Posted on December 4th, by Frank Mirando in Fall, Featured, Meat & Poultry, Wild Game. 3 comments

This is my version of Hank Shaw’s Venison chili.  No “chili spice mix here,” just quality meat, fresh spices, rich venison stock and a lot of love. Oh yea and that bacon I mad yesterday… that’s what took this over the top.

My friends have been asking me to make chili for Sunday football all season.  We finally harvested a buck upstate in Delaware county  and I thought I’d seize the opportunity to try a recipe I’ve been eyeing for a while.  Of course I had to add and subtract a little to make it mine.

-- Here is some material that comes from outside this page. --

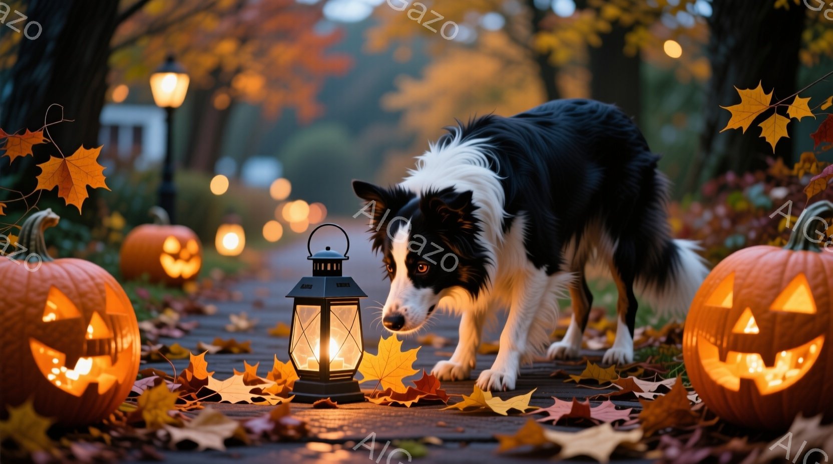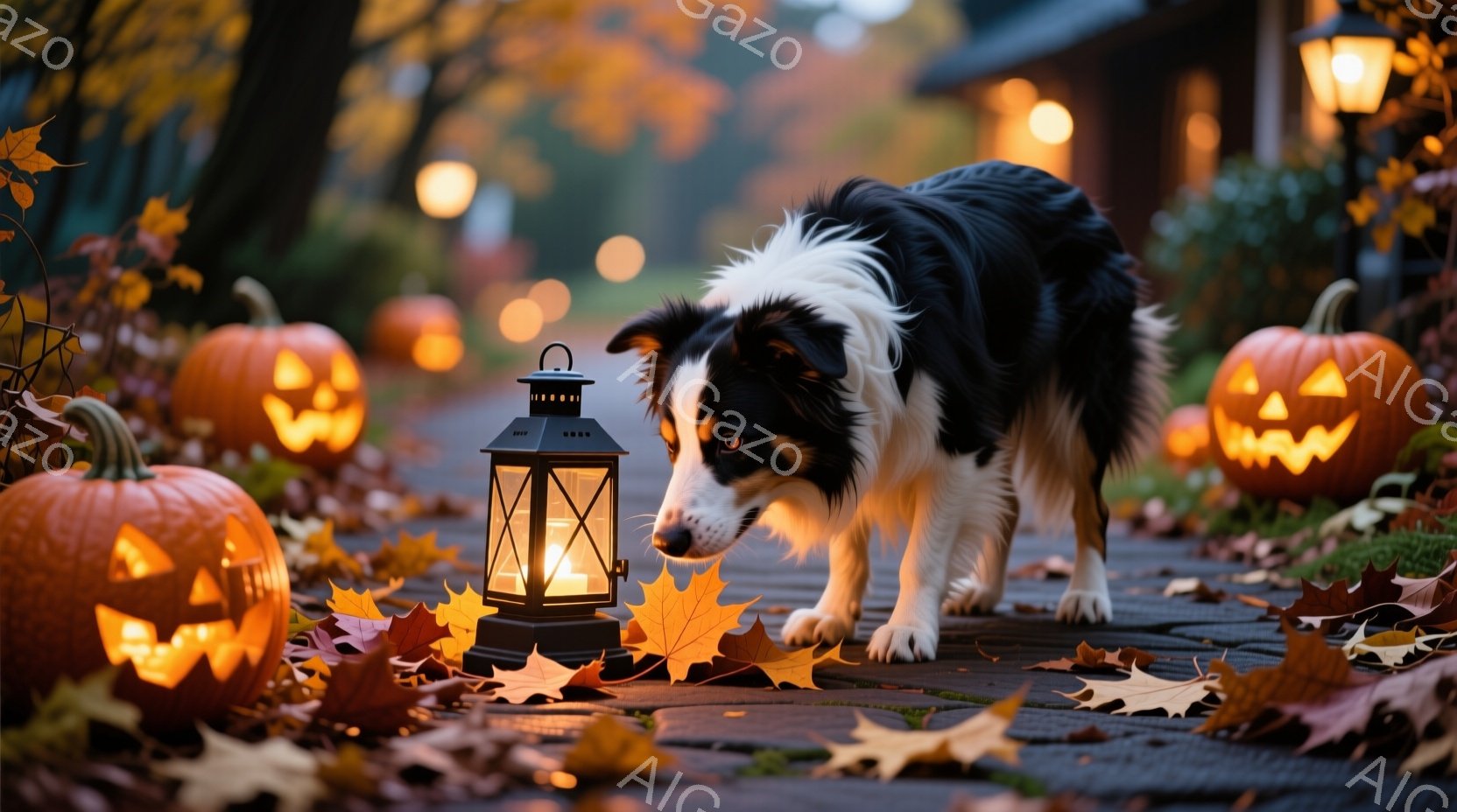 ハロウィーンの雰囲気漂う道に、ボーダーコリーが佇んでいます。道端には、ジャック・オー・ランタンが灯り、落ち葉が散らばり、秋の暖かさと祝祭感を演出しています。犬は少し上目遣いで、どこかを見つめており、その表情は好奇心と穏やかさが混ざり合っています。

  • 2 lb of Venison stew meat ground
  • 1 lb of Pork stew meat ground
  • 1/2 lb of bacon small cubes
  • 1 lb dried pinto beans (Soaked overnight)
  • 1 big white onion minced
  • 7 garlic cloves minced
  • 4 cayenne green chilies fresh
  • 5 dried ancho chilies
  • 5 dried chipotle chilies
  • 5 guajillo chilies
  • 5 cascabel chilies
  • 2 tbs sweet paprika
  • 2 tbs cumin
  • 1 tbs coriander
  • 1 cinnamon stick
  • 10oz or more of dark chocolate
  • 2 tbs tomato paste
  • 3 medium red tomato’s diced
  • 1 cup weak coffee
  • 3 tbs molasses
  • Quart of venison stock
  • salt to taste
  • Cilantro
  • Cheese
  • Bacon skin (not necessary unless you smoked a belly the day before!)
Preheat the oven to 285
  1. Drain beans put them in a pot and cover with cold water.  Bring to a boil turn down the heat and simmer until they get soft, but not all the way done, about an hour.
  2. Drain and set asside.  Take the stems and seeds out of all the chilies and break them up with your hands.  Cover them with boiling water and let steep for about an hour.  Put the reconstituted chilies in a food pro and puree with the soaking liquid.  Add the coffee here.
  3. Add the cubed bacon to a heavy bottom dutch oven to render and brown.  Once nice and crispy put the bacon aside but leave the fat in the pan.  Brown ground meet in batches and put aside. If you put all the meat in at the same time it will not brown correctly!
  4.  In the same pot saute’ the onions and garlic and scrape the bottom of the pan.  When the onions are a beautiful caramel color add the ground spices, cinnamon stick and toast for 2-3 min.  Add tomato paste and toast as well.
  5. Now return the meat to the pot and stir in the beans.  Add half of the bacon, the chili puree, diced tomato, molasses, and venison (beef) stock to cover everything.  Salt to taste- 1-2 tbs.
  6. Tuck the bacon skin in the middle of the pot, put the lid on and pop it all in the oven.  Cook for as long as you like. Mine was ready in 3 hours.  At the last minute chop up the chocolate and stir in until it melts.  This is the trick my friends chocolate adds a different dimension that no one can figure out.
  7. Chop up red onion and cayenne peppers.  Garnish each dish with onions/peppers, cilantro, and any kind of cheese you like.
Great with long grain rice.




3 Responses to “Venison Chili”

  1. Jasmine says:

    Looks fantastic, but would it be fine to go half beef half pork? I’ve never tried pork chili before. Usually we go all beef with a can of Bud and lots of spice. Try those chipotle peppers packed in adobo sauce, adds some really nice smoky heat, a must here in AZ.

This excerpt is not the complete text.